**Dataset content**

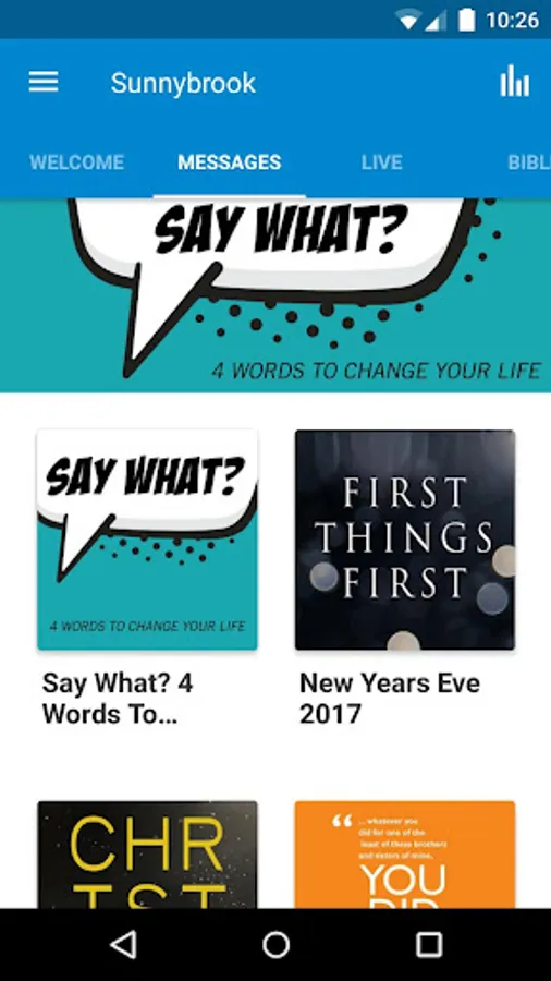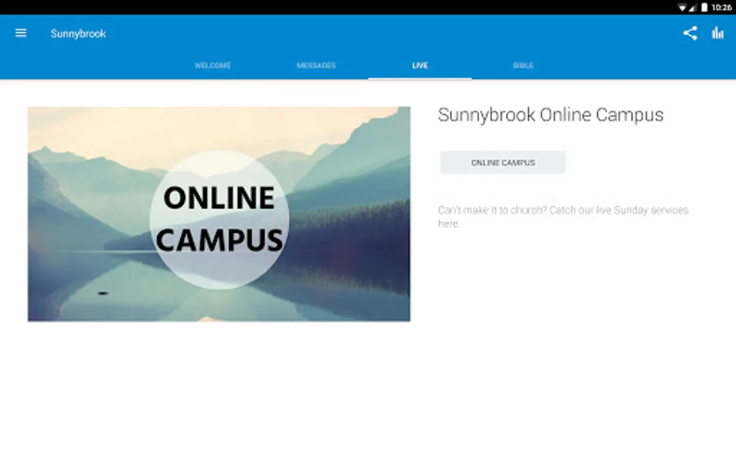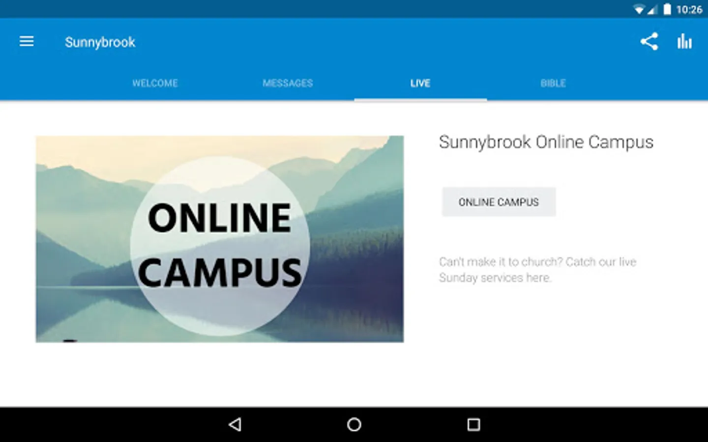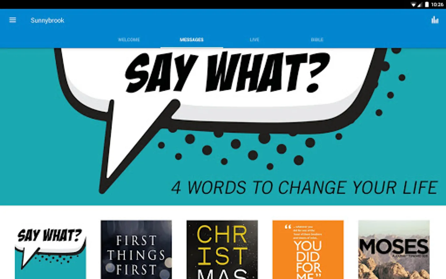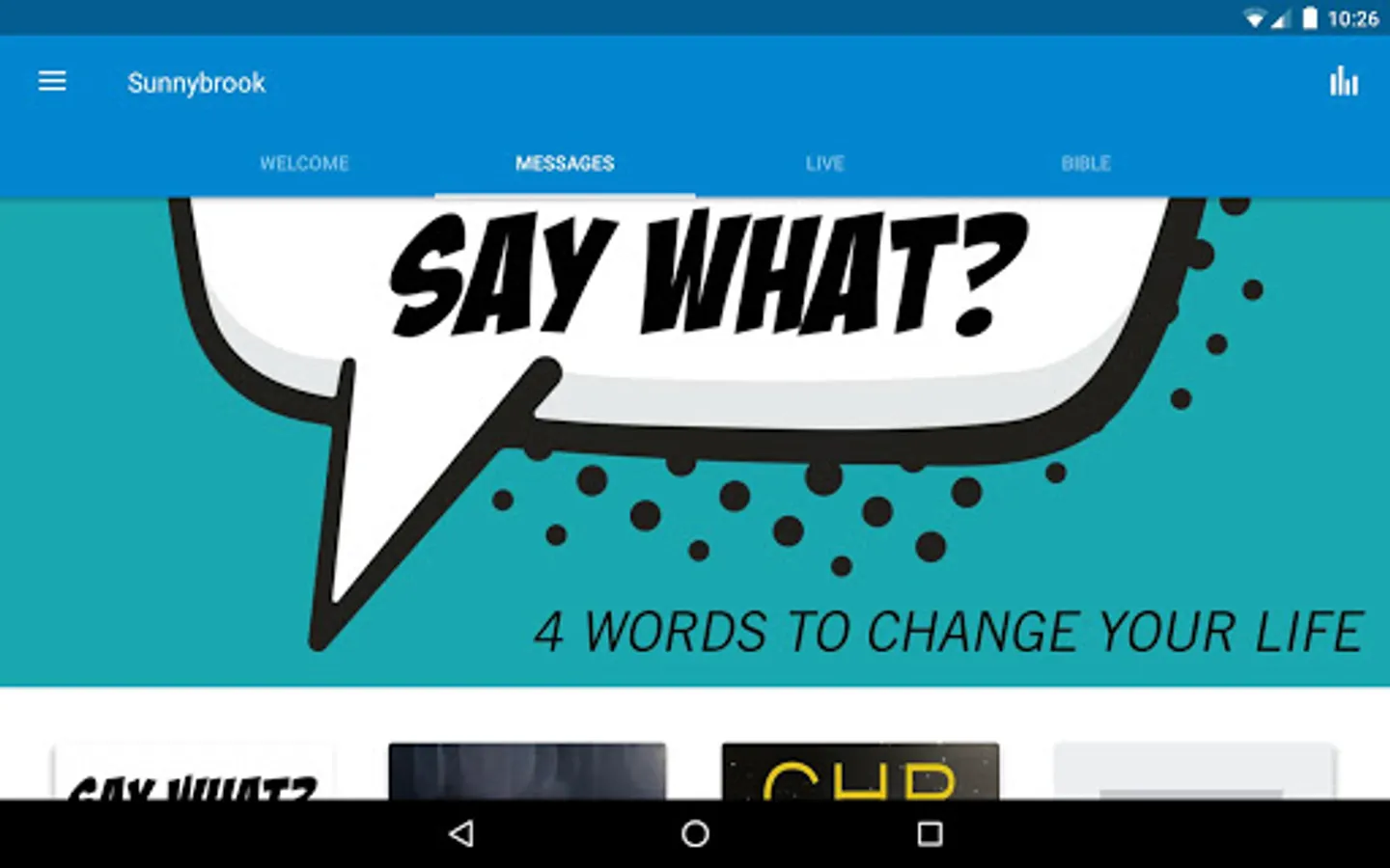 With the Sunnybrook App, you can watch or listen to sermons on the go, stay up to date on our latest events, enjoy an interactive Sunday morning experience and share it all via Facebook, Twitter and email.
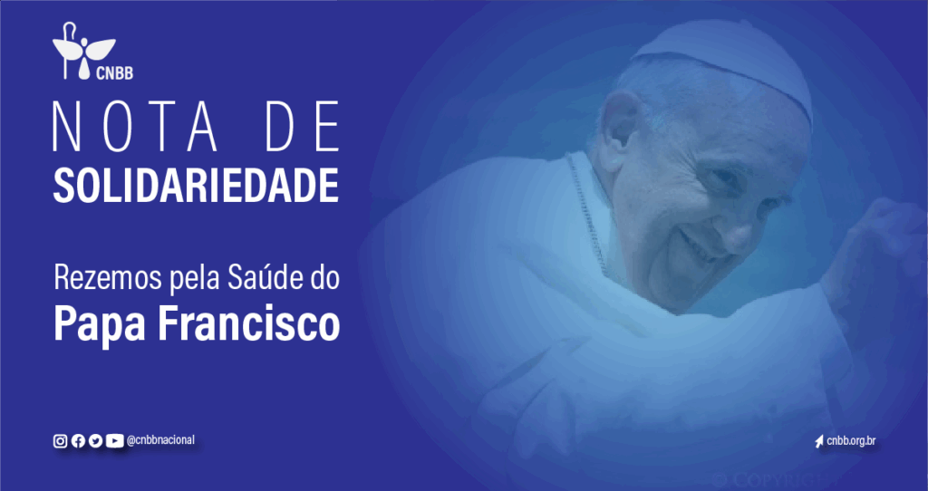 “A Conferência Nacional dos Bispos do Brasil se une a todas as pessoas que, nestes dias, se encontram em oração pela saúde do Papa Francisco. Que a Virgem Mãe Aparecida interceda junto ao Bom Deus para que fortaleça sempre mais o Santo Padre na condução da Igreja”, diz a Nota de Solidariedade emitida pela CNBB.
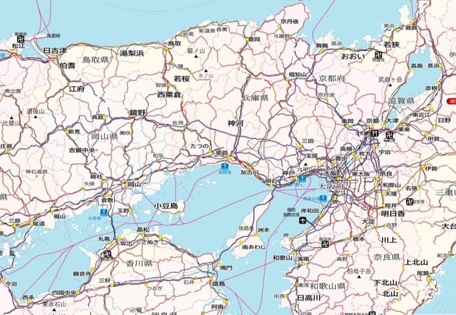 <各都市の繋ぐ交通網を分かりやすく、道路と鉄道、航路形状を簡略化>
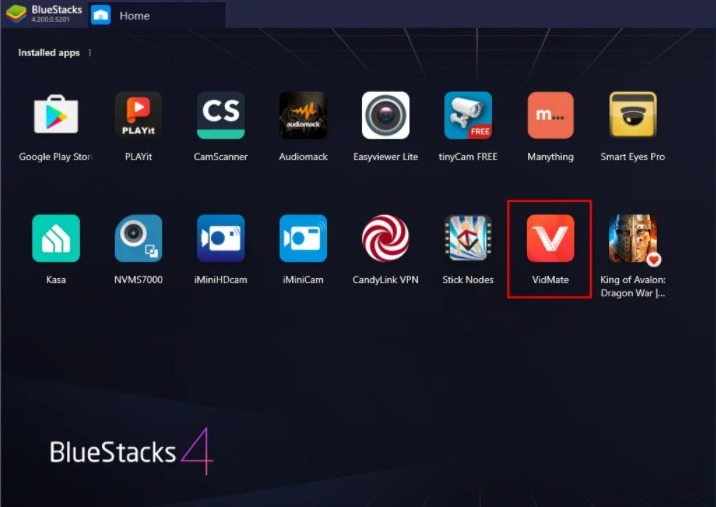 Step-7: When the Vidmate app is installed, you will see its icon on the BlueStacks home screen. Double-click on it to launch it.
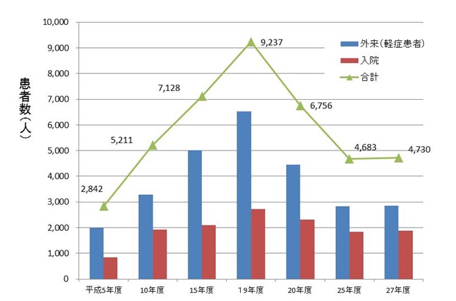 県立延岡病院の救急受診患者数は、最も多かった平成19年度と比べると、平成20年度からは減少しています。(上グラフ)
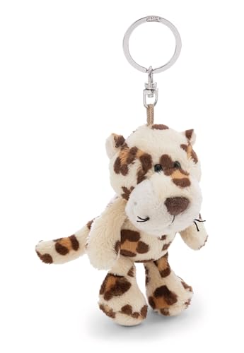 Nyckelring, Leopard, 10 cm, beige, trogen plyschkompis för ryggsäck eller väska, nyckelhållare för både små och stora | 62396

**Exercise details**
Everything in the material above must be repeated exactly, apart from its pictures.

**Expected answer**
 With the Sunnybrook App, you can watch or listen to sermons on the go, stay up to date on our latest events, enjoy an interactive Sunday morning experience and share it all via Facebook, Twitter and email.
 “A Conferência Nacional dos Bispos do Brasil se une a todas as pessoas que, nestes dias, se encontram em oração pela saúde do Papa Francisco. Que a Virgem Mãe Aparecida interceda junto ao Bom Deus para que fortaleça sempre mais o Santo Padre na condução da Igreja”, diz a Nota de Solidariedade emitida pela CNBB.
 <各都市の繋ぐ交通網を分かりやすく、道路と鉄道、航路形状を簡略化>
 Step-7: When the Vidmate app is installed, you will see its icon on the BlueStacks home screen. Double-click on it to launch it.
 県立延岡病院の救急受診患者数は、最も多かった平成19年度と比べると、平成20年度からは減少しています。(上グラフ)
 Nyckelring, Leopard, 10 cm, beige, trogen plyschkompis för ryggsäck eller väska, nyckelhållare för både små och stora | 62396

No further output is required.